■ **Assigned task**
Quote the whole listing word for word. Do not include the pictures.

■ **Supplied entries**
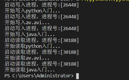 print('啟動(dòng)寫(xiě)入進(jìn)程,進(jìn)程號(hào):[%d]'%getpid())
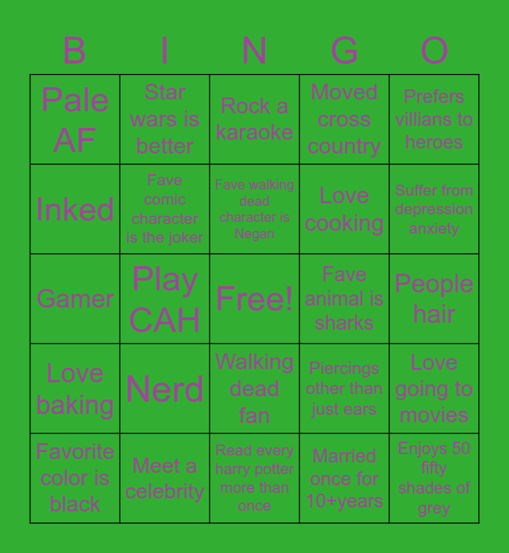 This bingo card has a free space and 24 words: Nerd, Meet a celebrity, Fave walking dead character is Negan, Favorite color is black, Prefers villians to heroes, Pale AF, Inked, Star wars is better, Fave animal is sharks, Walking dead fan, Love cooking, Gamer, Piercings other than just ears, Love going to movies, Fave comic character is the joker, Married once for 10+years, People hair, Rock a karaoke, Suffer from depression anxiety, Play CAH, Enjoys 50 fifty shades of grey, Love baking, Moved cross country and Read every harry potter more than once.
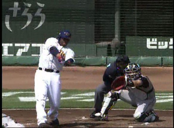 投手 グリン 7番 濱中 空三振 外角低めに落ちる変化球にバットが届かず |
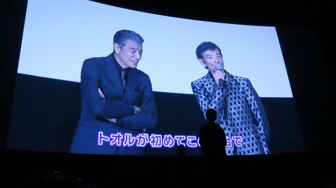 撮影での秘話を語り、イベントも終わったと思われた瞬間、会場が暗転し、サイレンが鳴ると「あぶない刑事」で共演した舘ひろしさんと柴田恭兵さんからのメッセージが登場。会場から驚きの声が上がりました。
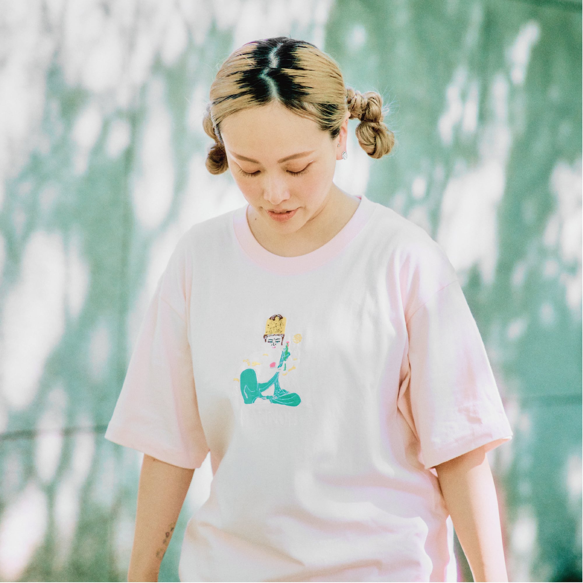 如意輪観音 Tシャツ (刺繍)ベージュピンク 6.2oz
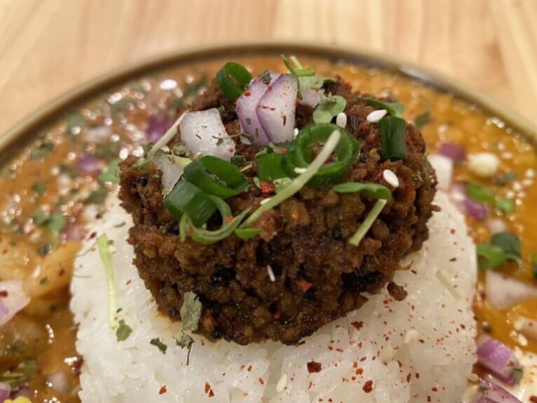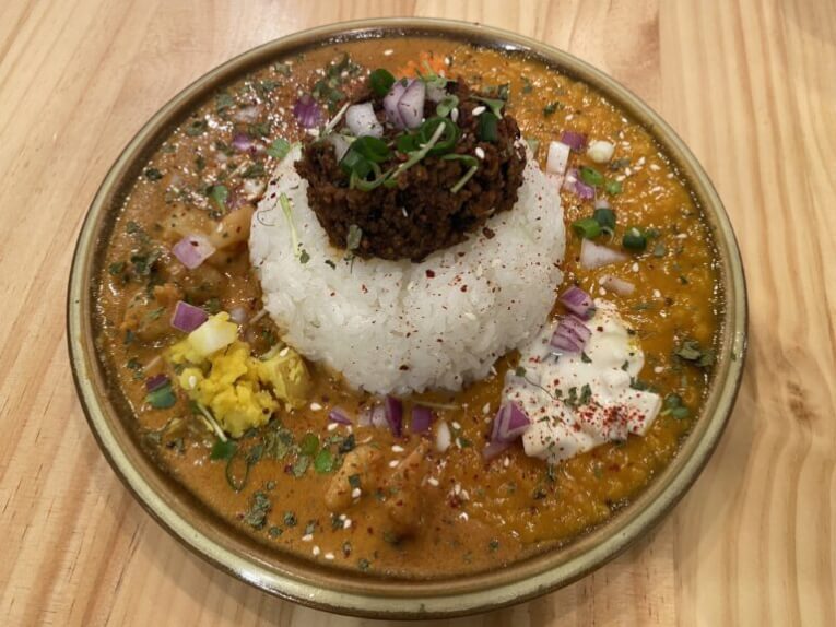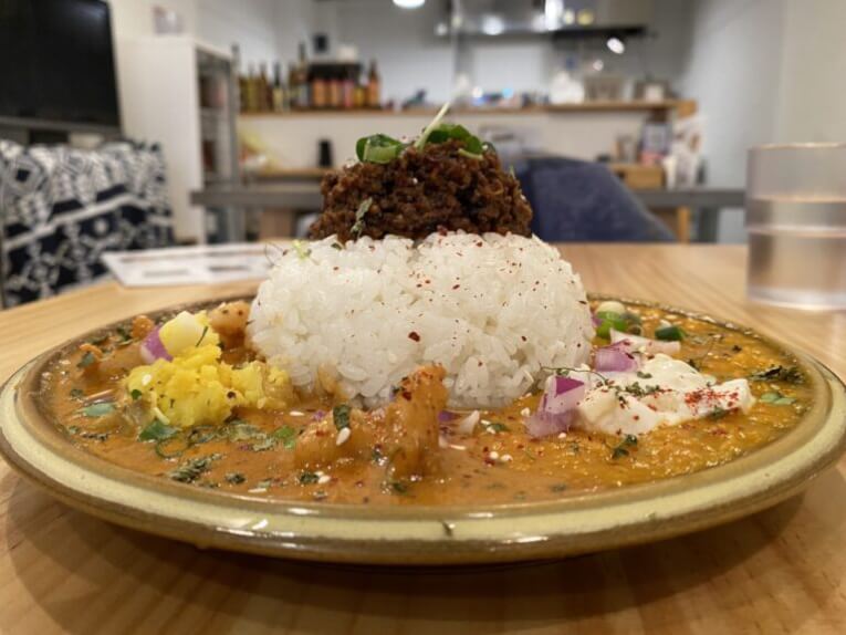 境目が分かりづらいですが、右側が「お豆とお芋」左側がエビとココナッツ、真ん中に鎮座されますのが「ハーブ香るマトンキーマ」です。
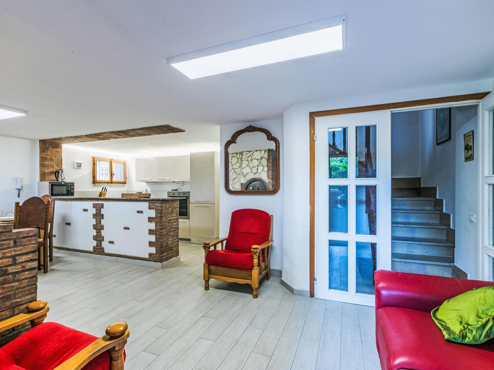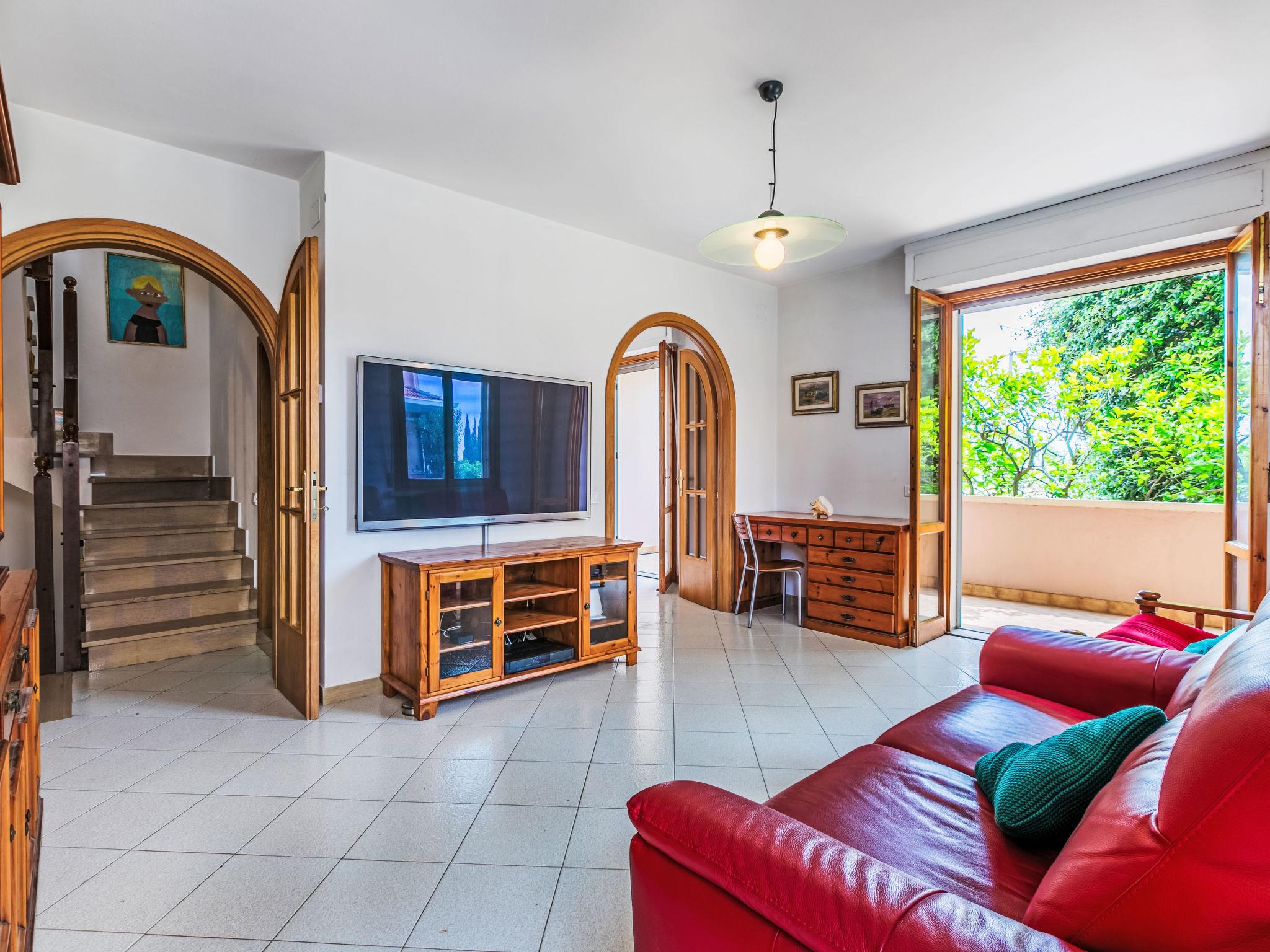 "Piccolo Leccio", 5-room maisonette 140 m2. Comfortable and cosy furnishings: living room with TV. Exit to the balcony. 1 room with 1 x 2 bunk beds. Exit to the balcony. Shower/WC. (on the lower ground floor: oven, dishwasher, 4 induction hot plates, toaster, kettle, microwave, electric coffee machine). Exit to the garden. Upper floor: 1 double bedroom with 1 double bed and air conditioning. Exit to the balcony. 1 double bedroom with 1 double bed and air conditioning. 1 room with 1 x 2 bunk beds. 2nd upper floor: shower/bidet/WC. Balcony, garden. Facilities: washing machine, dryer, mosquito net, children's high chair, baby cot. Internet (WiFi, free). Please note: maximum 1 pet/ dog allowed. Fire extinguisher. IT049007C2D865RPQQ
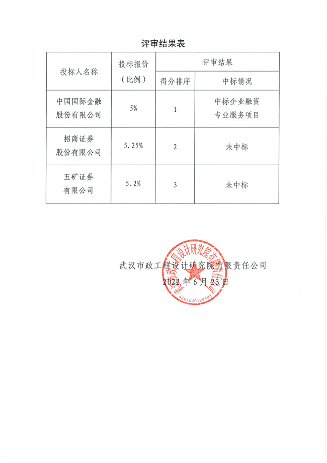 關(guān)于企業(yè)融資專業(yè)服務(wù)項(xiàng)目招標(biāo)結(jié)果的公示
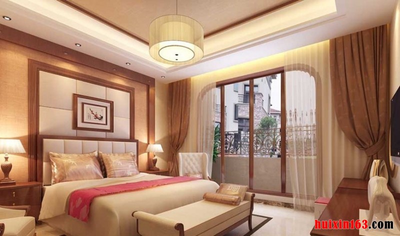 卧室的整个装饰着重点在实木装饰上,白色的石膏板吊顶装饰加深了空间的通透和延伸感,一个大型的古典吊灯的使用更是让空间的环境温馨和惬意,整体装修效果是非常的奢华和具有浓烈的古典气息的。此套设计整体色调尽显古香古色之基调,古典家装元素被运用到家装的方方面面,实木地板,连同电视背景墙都是跟地板一样的色调,尽显古朴典雅,墙纸的运用跟整个色调极其一致。
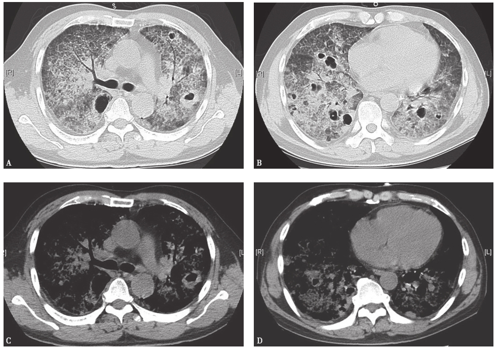 胸部CT:入院前3个月胸部CT示双肺弥漫性间质病变,可见磨玻璃和斑片高密度影,伴部分间质纤维化(图1)。予激素、抗感染及对症治疗后复查胸部CT,见双肺间质性病变较前增多。
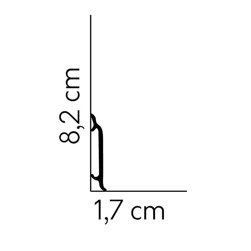 - GRÖSSE: Die Fußleiste mit den Abmessungen 17 x 82 x 2000 mm schafft einen sauberen Übergang zwischen Boden und Wand.

■ **Response**
 print('啟動(dòng)寫(xiě)入進(jìn)程,進(jìn)程號(hào):[%d]'%getpid())
 This bingo card has a free space and 24 words: Nerd, Meet a celebrity, Fave walking dead character is Negan, Favorite color is black, Prefers villians to heroes, Pale AF, Inked, Star wars is better, Fave animal is sharks, Walking dead fan, Love cooking, Gamer, Piercings other than just ears, Love going to movies, Fave comic character is the joker, Married once for 10+years, People hair, Rock a karaoke, Suffer from depression anxiety, Play CAH, Enjoys 50 fifty shades of grey, Love baking, Moved cross country and Read every harry potter more than once.
 投手 グリン 7番 濱中 空三振 外角低めに落ちる変化球にバットが届かず |
 撮影での秘話を語り、イベントも終わったと思われた瞬間、会場が暗転し、サイレンが鳴ると「あぶない刑事」で共演した舘ひろしさんと柴田恭兵さんからのメッセージが登場。会場から驚きの声が上がりました。
 如意輪観音 Tシャツ (刺繍)ベージュピンク 6.2oz
 境目が分かりづらいですが、右側が「お豆とお芋」左側がエビとココナッツ、真ん中に鎮座されますのが「ハーブ香るマトンキーマ」です。
 "Piccolo Leccio", 5-room maisonette 140 m2. Comfortable and cosy furnishings: living room with TV. Exit to the balcony. 1 room with 1 x 2 bunk beds. Exit to the balcony. Shower/WC. (on the lower ground floor: oven, dishwasher, 4 induction hot plates, toaster, kettle, microwave, electric coffee machine). Exit to the garden. Upper floor: 1 double bedroom with 1 double bed and air conditioning. Exit to the balcony. 1 double bedroom with 1 double bed and air conditioning. 1 room with 1 x 2 bunk beds. 2nd upper floor: shower/bidet/WC. Balcony, garden. Facilities: washing machine, dryer, mosquito net, children's high chair, baby cot. Internet (WiFi, free). Please note: maximum 1 pet/ dog allowed. Fire extinguisher. IT049007C2D865RPQQ
 關(guān)于企業(yè)融資專業(yè)服務(wù)項(xiàng)目招標(biāo)結(jié)果的公示
 卧室的整个装饰着重点在实木装饰上,白色的石膏板吊顶装饰加深了空间的通透和延伸感,一个大型的古典吊灯的使用更是让空间的环境温馨和惬意,整体装修效果是非常的奢华和具有浓烈的古典气息的。此套设计整体色调尽显古香古色之基调,古典家装元素被运用到家装的方方面面,实木地板,连同电视背景墙都是跟地板一样的色调,尽显古朴典雅,墙纸的运用跟整个色调极其一致。
 胸部CT:入院前3个月胸部CT示双肺弥漫性间质病变,可见磨玻璃和斑片高密度影,伴部分间质纤维化(图1)。予激素、抗感染及对症治疗后复查胸部CT,见双肺间质性病变较前增多。
 - GRÖSSE: Die Fußleiste mit den Abmessungen 17 x 82 x 2000 mm schafft einen sauberen Übergang zwischen Boden und Wand.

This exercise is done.